The Alston–Cobb House, now formally known as the Clarke County Historical Museum, is a historic house and local history museum in Grove Hill, Alabama, United States. It was built in 1854 by Dr. Lemuel Lovett Alston as a Greek Revival I-house, a vernacular style also known in the South as Plantation Plain. It is one of only four examples of an I-house to survive intact in Clarke County. The Alston–Cobb House was added to the Alabama Register of Landmarks and Heritage on September 1, 1978, and to the National Register of Historic Places on April 30, 1979.

==History==
Lemuel Alston migrated to Grove Hill and began the practice of medicine around 1852. The house was completed in 1854, shortly before his marriage to Sarah French Jackson on November 1, 1854. The house was subsequently owned by the Bettis, Cobb, Bumpers, and Postma families until it was purchased by the Clarke County Historical Society in 1980. The historical society restored the house and opened it as the Clarke County Museum in 1986. The museum features exhibits that cover a broad range of topics from Zeuglodon fossils to the American Civil War and an antebellum kitchen.

==The grounds==
Several historic structures have been moved to the museum grounds and restored. The Creagh Law Office, built in 1834 by Judge John Gates Creagh, was moved to the site in 1990 and restored.
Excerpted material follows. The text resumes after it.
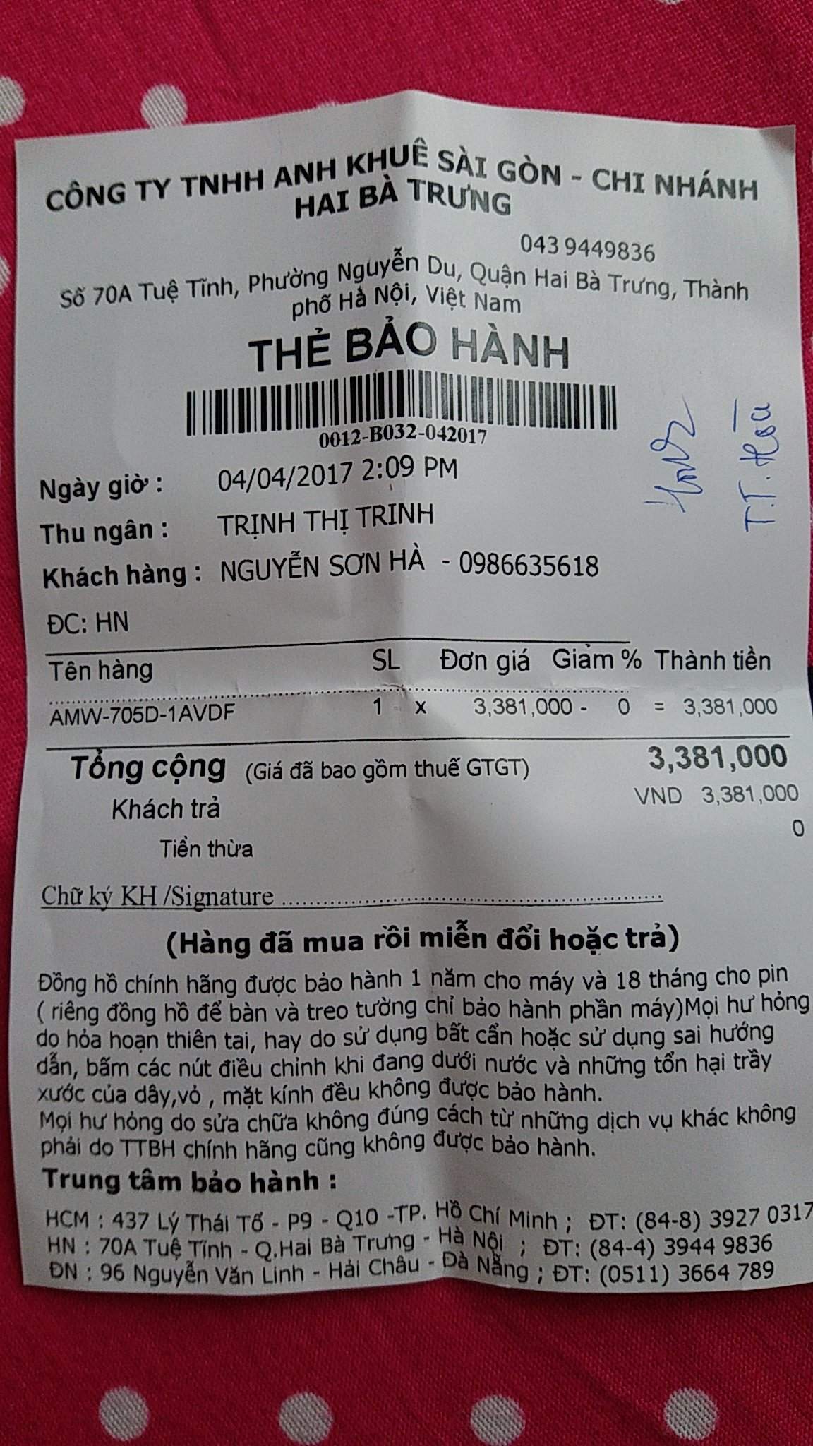 Như tiêu đề. E cần bán e Casio Hunting Time AMW-705D. mới mua ở Anh Khuê 1 tháng. bjo đeo cảm thấy ko hợp tay nên muốn bán cho bác nào cần. hộp sách thẻ bh đầy đủ. bao check các thể loại luôn. Giá 3.000.000 Bác nào quan tâm alo: XXX

The Turner Corn Crib is a corn crib which is thought to have been partially built from timbers salvaged from Fort Turner, a log fortification that served the area during the Creek War in 1813. It was moved to the grounds in 2001 and restored. The Mathews Cabin was acquired in 2005 and restoration was completed in 2008. It is a log cabin with two large rooms separated by a breezeway, a form often known as a dogtrot house, and dates to the mid-19th century.